[lttng-dev] [RFC PATCH] wfqueue: expand API, simplify implementation, small performance boost

Tue Aug 14 18:27:24 EDT 2012

* Lai Jiangshan (eag0628 at gmail.com) wrote:
> On Tue, Aug 14, 2012 at 4:12 AM, Mathieu Desnoyers
> <mathieu.desnoyers at efficios.com> wrote:
[...]
> >> >  /*
> >> > + * ___cds_wfq_first_blocking: get first node of a queue, without dequeuing.
> >> > + *
> >> > + * Mutual exclusion with "dequeue" and "splice" operations must be ensured
> >> > + * by the caller.
> >> > + */
> >> > +static inline struct cds_wfq_node *
> >> > +___cds_wfq_first_blocking(struct cds_wfq_queue *q)
> >> > +{
> >> > +       if (_cds_wfq_empty(q))
> >> > +               return NULL;
> >> > +       return ___cds_wfq_node_sync_next(&q->head);
> >> > +}
> >> > +
> >> > +/*
> >> > + * ___cds_wfq_next_blocking: get next node of a queue, without dequeuing.
> >> > + *
> >> > + * Mutual exclusion with "dequeue" and "splice" operations must be ensured
> >> > + * by the caller.
> >> > + */
> >> > +static inline struct cds_wfq_node *
> >> > +___cds_wfq_next_blocking(struct cds_wfq_queue *q, struct cds_wfq_node *node)
> >> > +{
> >> > +       if (CMM_LOAD_SHARED(q->tail) == node)
> >> > +               return NULL;
> >> > +       return ___cds_wfq_node_sync_next(node);
> >> > +}
> >>
> >>
> >> The same BUG as you told me.
> >> If q has only one node just enqueued by other thread.
> >> but if q->head.next is seen, ___cds_wfq_first_blocking() returns a node,
> >> And the update of q->tail is not seen, it is still &q->head,
> >> ___cds_wfq_node_sync_next(node) will be loop for every if there is no
> >> other enqueue.
> >
> > Good catch ! :-)
> >
> >>
> >>
> >>
> >> static inline struct cds_wfq_node *
> >> ___cds_wfq_first_blocking(struct cds_wfq_queue *q)
> >> {
> >> +        struct cds_wfq_node *ret.
> >>        if (_cds_wfq_empty(q))
> >>                return NULL;
> >>       ret = ___cds_wfq_node_sync_next(&q->head);
> >> +      cmm_smp_rmb();
> >> +      return ret;
> >> }
> >
> > However, I think we should add the rmb at the beginning of
> > ___cds_wfq_next_blocking(), so it applies at each "next" call.
> > Otherwise, I think we could end up in a situation where we wait for a
> > NULL next forever in the second of two consecutive
> > ___cds_wfq_next_blocking() calls. I therefore propose:
> 
> How this can happen(wait for a NULL next forever in the second ...)?
> 
> A rmb is enough to leave the state(simgle node && q->tail == &q->head).
> "CMM_LOAD_SHARED(q->tail) == node" will be true in the loop except this state.

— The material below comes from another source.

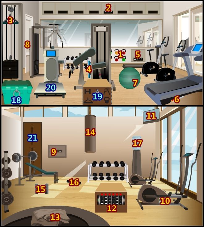 Escapa del gimnasio de oro encontrando todas las pistas y objetos ocultos en el. Relaciona todos los objetos y encuentra las combinaciones correctas para resolver los puzzles.

You are indeed right, but I now realise there is a small thing we need
to change. I tried a couple of scenarios to convince myself of it, and
here are my conclusions:

- In all cases (except for the first node), comparing q->tail with node
  ensures that we never go beyond the tail. Except for the first node
  (q->head), we always perform this comparison, so at no point can we
  reach the nodes through "next" pointers that would be beyond the
  q->tail node.

- In the case of the first node, we do the comparison with

         CMM_LOAD_SHARED(q->head.next) == NULL
                && CMM_LOAD_SHARED(q->tail) == &q->head;

  in no particular order (checking if empty) before we move to the
  first node with ___cds_wfq_node_sync_next(&q->head).
  The reason why the first node is different from all the others is
  because we don't use "CMM_LOAD_SHARED(q->tail) == &q->head" alone
  to distinguish between an empty queue and a queue that contains
  nodes: we first check for NULL q->head.next, AFAIU for performance
  reasons: whenever possible, we don't want to read the q->tail pointer
  because it is being heavily updated by the enqueuer.

So assuming the goal beyond the CMM_LOAD_SHARED(q->head.next) == NULL
check in the empty queue check is for performance of dequeue vs enqueue,
I think it would be appropriate to do a similar optimisation for the
___cds_wfq_next_blocking() case: first check the next pointer of the
current node to see if it is NULL. If not, then we know we can fetch the
next pointer without comparing our position to the tail (performance
optimisation). However, if we do that, we'll need a cmm_smp_rmb() at
each ___cds_wfq_next_blocking() invocation.

Here is the resulting code:

/*
 * ___cds_wfq_first_blocking: get first node of a queue, without dequeuing.
 *
 * Mutual exclusion with "dequeue" and "splice" operations must be ensured
 * by the caller.
 */
static inline struct cds_wfq_node *
___cds_wfq_first_blocking(struct cds_wfq_queue *q)
{
        if (_cds_wfq_empty(q))
                return NULL;
        return ___cds_wfq_node_sync_next(&q->head);
}

/*
 * ___cds_wfq_next_blocking: get next node of a queue, without dequeuing.
 *
 * Mutual exclusion with "dequeue" and "splice" operations must be ensured
 * by the caller.
 */
static inline struct cds_wfq_node *
___cds_wfq_next_blocking(struct cds_wfq_queue *q, struct cds_wfq_node *node)
{
        struct cds_wfq_node *next;

        if ((next = CMM_LOAD_SHARED(node->next)) != NULL)
                return next;
        /* Load node->next before q->tail */
        cmm_smp_rmb();
        if (CMM_LOAD_SHARED(q->tail) == node)
                return NULL;
        return ___cds_wfq_node_sync_next(node);
}

Is my understanding correct ?

Thanks,

Mathieu

-- 
Mathieu Desnoyers
Operating System Efficiency R&D Consultant
EfficiOS Inc.
http://www.efficios.com